Dianggap tidak fair, sejumlah pihak menggugat aturan Presidential Treshold 20 persen ini. Presidential Treshold ini dianggap tidak memberi ruang dan kesempatan bagi sejumlah putra terbaik bangsa yang mumpuni untuk memimpin negeri ini kedepan.
Mereka menggugat ke Mahkamah Konstitusi (MK). Upaya pertama yang dilakukan Rizal Ramli, gagal. Gugatan berikutnya dilakukan oleh Gatot Nurmantyo, Refly Harun, Tamsil Linrung cs. Proses gugatan saat ini masih berjalan di MK.

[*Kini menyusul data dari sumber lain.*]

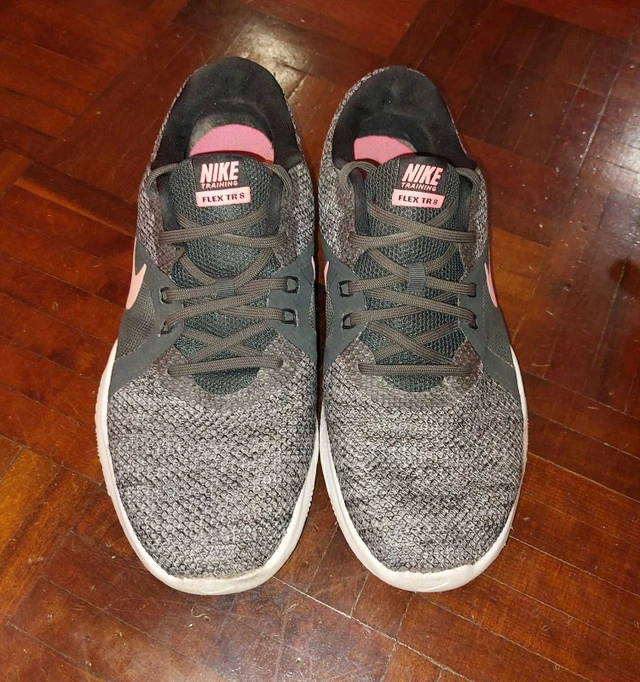 PU: CARLTON/SHERBOURNE AREA Get ready to elevate your training with these Nike Flex TR 8 women's training shoes, size 9.5! These sneakers are designed to offer flexibility and support during your workouts. These shoes have been worn, showing some signs of use, but they still have plenty of life and performance left in them. Ideal for gym sessions, running, or just adding a sporty touch to your everyday look. * Brand: Nike * Model: Flex TR 8 * Size: 9.5 (US Women's) * Color: Grey/Pink * Style: Training Shoes Looking to give these comfy shoes a new home. If you're seeing this ad, yep, they're still available!

Satu sisi, adalah fakta bahwa Pilpres beda dengan pileg. Artinya, pemilih partai tertentu tidak otomatis memilih capres dari partai tersebut. Tidak linier. Dengan begitu, partai mesti membuka ruang untuk calon independen yang diminati rakyat. Kira-kira begitu logikanya
Alasan lain, selama tiket nyapres ada di tangan partai, maka kebutuhan akan biaya tiket sangat mahal. Entah itu namanya "mahar politik" atau "kebutuhan logistik". Bisa satu triliun untuk setiap partai pengusung. "Ngeri-ngeri sedap". Inilah diantara yang digugat ke MK.